The work is largely descriptive -- a good solid account of pressures for professional status on the part of two female-dominated occupations (they are finally accorded "titre reserve" by the State). The hypotheses that are put forward tend to be statements within an assumed research framework rather than possibilities that require exploration. For example, with respect to the knowledge base for both dietetics and physiotherapy, one "hypothesis" put forward is that theoretical knowledge has a higher status than practical knowledge. (88) But there is no way of proving or disproving this statement on the basis of the data presented; it is rather an assumption for examining the kind of knowledge that is transmitted to students in the two fields.
The theoretical framework comes from the standard literature on the professions, including Derber, Parkin, Sarfati-Larson, and Witz. This is a largely masculinist literature, relatively dormant over the past decade. But I wonder whether it was wise to employ such a framework for there is only one possible conclusion: these occupations did not gain full professional status (or what one might call the "failed profession" conclusion in parallel to the "missing persons" scenario which characterizes many discussions of women's entry into male arenas). As with most masculinist frameworks, women do not fit and do not "make the grade," and Witz's attempt to delineate how women's work can be "added on" to the professional literature only serves to reinforce such a negative conclusion.

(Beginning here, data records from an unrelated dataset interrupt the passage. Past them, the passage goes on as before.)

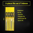 A pack of 5, including flat files, semi-round files, triangular files, square files, round files, knife-shaped files
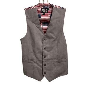 Joe Joseph Abboud Wool Vest American Flag Back Gray Size 34 Small
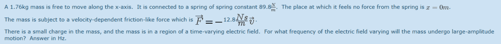 Now I am not really sure how to get w from this. I could argue the mass is at its max amplitude when a=0, but that wouldn't help me find w. If I say x(t)=kx-12.8v, then 1/m would be w^2, but this isn't right. The answer is suppose to be f=0.98 Hz
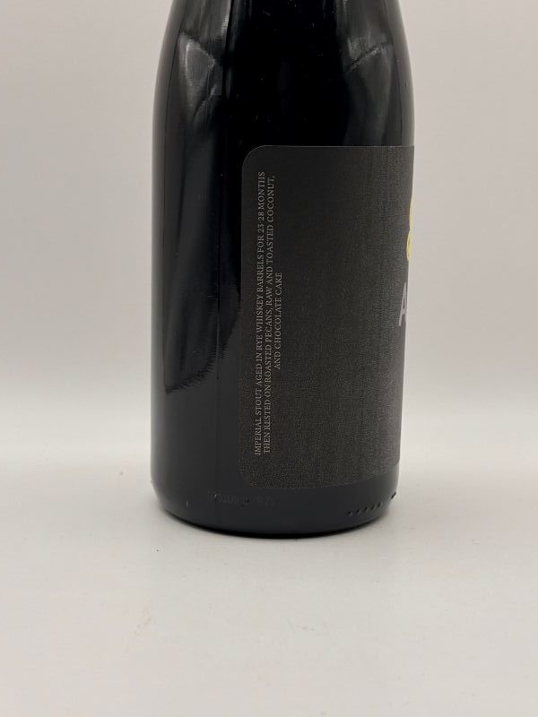 Imperial Stout vieilli 21 mois dans des fûts de bourbon Heaven Hill de 10 ans. Dimensional Anny imperial stout aged 2025 est ensuite reposé ou accompagné de noix de pécan grillées. Aussi de noix de coco grillée et de gâteau au chocolat.
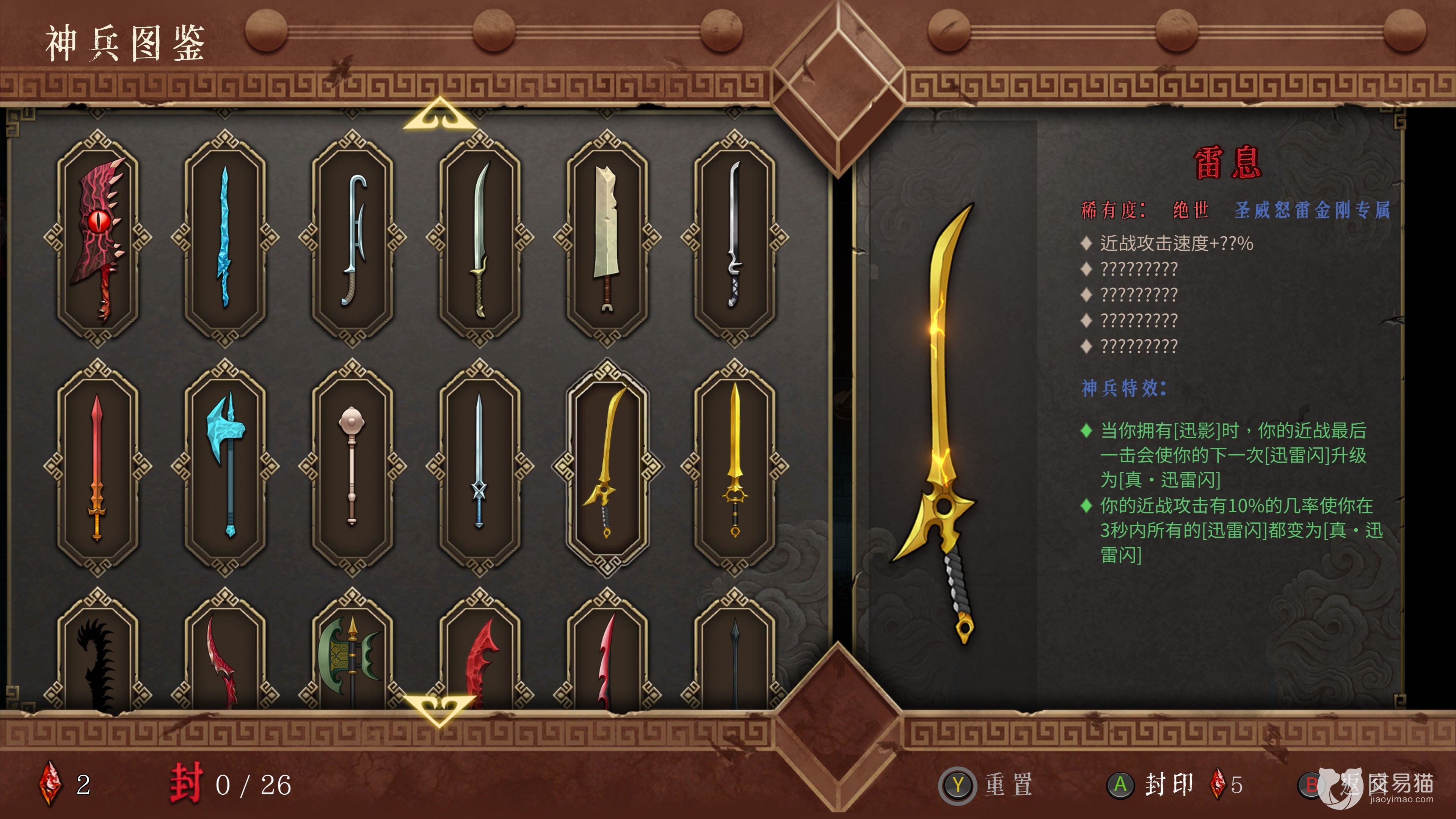 最为主要的武器类型主要的就是附属玩家选择的职业,会在右上角有专门的职业专属标注很容易区分,典型的【雷息】是金色外形的弯刀将【迅雷闪】变【真。迅雷闪】一字之差伤害差之千里,再将词条刷到雷电伤害加成那么雷电玩法的玩家将会直接起飞。不过职业武器一般一把对应一个石像的一个玩法也就是有十四把,同一石像会有两把专武很容易搞混,千万注意自己的流派对应的是什么武器,例如【雷呼】对应的是迅雷玩法,【万钧】对应的是蛮雷玩法差别可以说是异常的巨大的。

Instead, I think it would have been more interesting to underline what women did achieve in these two occupations as they slowly and quietly made progress over the period in question. In fact, their achievements are remarkable -- from the status of "masseurs" and "home economists" early in this century, they progressed to specialists with university-level educational qualifications who managed to obtain both legal and professional acknowledgement of the importance of their expertise. The specificity of their contributions could then be highlighted and the pattern of women's contribution to the health field could begin to be formulated in its own right. In effect, instead of being measured against a male standard and found wanting, the experience of these women dietists and physiotherapists could serve to develop a new framework of analysis which, I suspect, could be enormously illuminating in our thinking about the health professions in general. It is the very excellence of the research contained in this volume which give rise to this possibility. All the data are there; we just have to get rid of the male standard.